I have a specific type of render job I can run 30 of at the same time before maxing out my system resources. This was tied to specific beefy systems dedicated to this task. I created 30 workers on each of these systems and they would pick up the jobs as they came in (each job represents what could be considered a frame) without issue, never quite maxing out resources or RAM.
I now need to use these systems for other jobs as well at the same time. If any of these workers, while running their 30 tasks, pick up a job of this different type, they’ll max out system resources and bring everything to a halt.
I can do 30 of one type of job, or just one of the other (it will use almost all available resources).
Is there a way to prevent certain job types from starting, if any of another types are currently rendering on a select group of workers? I’m thinking Resource Limits could be the way?
I thought I could convert my 30 jobs into a single job, set to 30 concurrent tasks at a time, and limit that worker to one job at a time. (But it seems the max number of concurrent tasks is limited to 16. Is there a way to set this higher?
If I didn’t know you need more than 16 I’d say that concurrent tasks on your tiny task job will take care of your issues. However I’m not quite sure how to square this particular circle without getting excessively janky. Dynamically starting and stopping Workers tends to create issues.

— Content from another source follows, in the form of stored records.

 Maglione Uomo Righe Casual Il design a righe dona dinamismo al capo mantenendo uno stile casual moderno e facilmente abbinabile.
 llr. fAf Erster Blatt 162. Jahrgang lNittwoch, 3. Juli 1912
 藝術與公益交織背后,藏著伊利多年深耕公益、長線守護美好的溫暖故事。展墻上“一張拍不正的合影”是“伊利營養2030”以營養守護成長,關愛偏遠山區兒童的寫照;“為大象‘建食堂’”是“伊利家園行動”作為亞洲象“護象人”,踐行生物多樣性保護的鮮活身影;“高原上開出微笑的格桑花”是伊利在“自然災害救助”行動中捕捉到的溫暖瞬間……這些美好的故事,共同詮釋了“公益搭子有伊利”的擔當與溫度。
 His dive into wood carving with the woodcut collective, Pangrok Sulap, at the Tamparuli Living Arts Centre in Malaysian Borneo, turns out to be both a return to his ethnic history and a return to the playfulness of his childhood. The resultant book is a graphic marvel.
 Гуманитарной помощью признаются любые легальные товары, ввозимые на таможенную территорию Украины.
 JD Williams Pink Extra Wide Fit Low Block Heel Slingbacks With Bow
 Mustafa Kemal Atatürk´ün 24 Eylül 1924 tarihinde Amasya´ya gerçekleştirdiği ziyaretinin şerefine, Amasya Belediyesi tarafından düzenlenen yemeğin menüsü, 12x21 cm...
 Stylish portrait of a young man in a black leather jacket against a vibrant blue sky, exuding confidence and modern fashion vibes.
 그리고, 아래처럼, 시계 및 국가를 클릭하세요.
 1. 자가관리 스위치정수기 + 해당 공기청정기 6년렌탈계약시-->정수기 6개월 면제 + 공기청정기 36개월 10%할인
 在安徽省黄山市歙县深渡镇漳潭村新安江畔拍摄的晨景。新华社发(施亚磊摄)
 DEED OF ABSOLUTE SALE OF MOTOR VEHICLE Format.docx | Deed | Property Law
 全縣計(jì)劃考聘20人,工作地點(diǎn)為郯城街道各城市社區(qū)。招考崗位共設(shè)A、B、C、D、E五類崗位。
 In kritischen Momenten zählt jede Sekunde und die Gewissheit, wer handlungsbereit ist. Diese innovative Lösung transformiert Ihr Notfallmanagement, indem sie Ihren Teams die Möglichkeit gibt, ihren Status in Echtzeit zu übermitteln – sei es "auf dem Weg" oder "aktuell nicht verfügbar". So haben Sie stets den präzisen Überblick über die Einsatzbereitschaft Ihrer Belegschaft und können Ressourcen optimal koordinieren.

If possible, I’d look into doubling the resources used by the tiny tasks, so the concurrent task limit of 16 works for you. If that’s not possible I’ll come back if I’ve got a better idea!
Unfortunately with the way the job works I can’t double the resources sadly, limited to a single “frame” per task. I could potentially start creating small task jobs for each set of 16 tasks… but then I’m losing out on the concurrency gains by half if I’m limiting the now single worker to one job at a time.
There’s no way to override this arbitrary 16 concurrent task limit?
Sorry, 16 is the hardcoded maximum for concurrent tasks no override possible.
I don’t suppose two Workers on the machine would be okay? Or does the ‘big’ job really choke out the whole system?
Given concurrent tasks aren’t enough, Deadline doesn’t have tools to deal with this sort of setup well. It is possible to enable and disable Workers, but if that happens while a task is in-progress it’ll create an error on the job.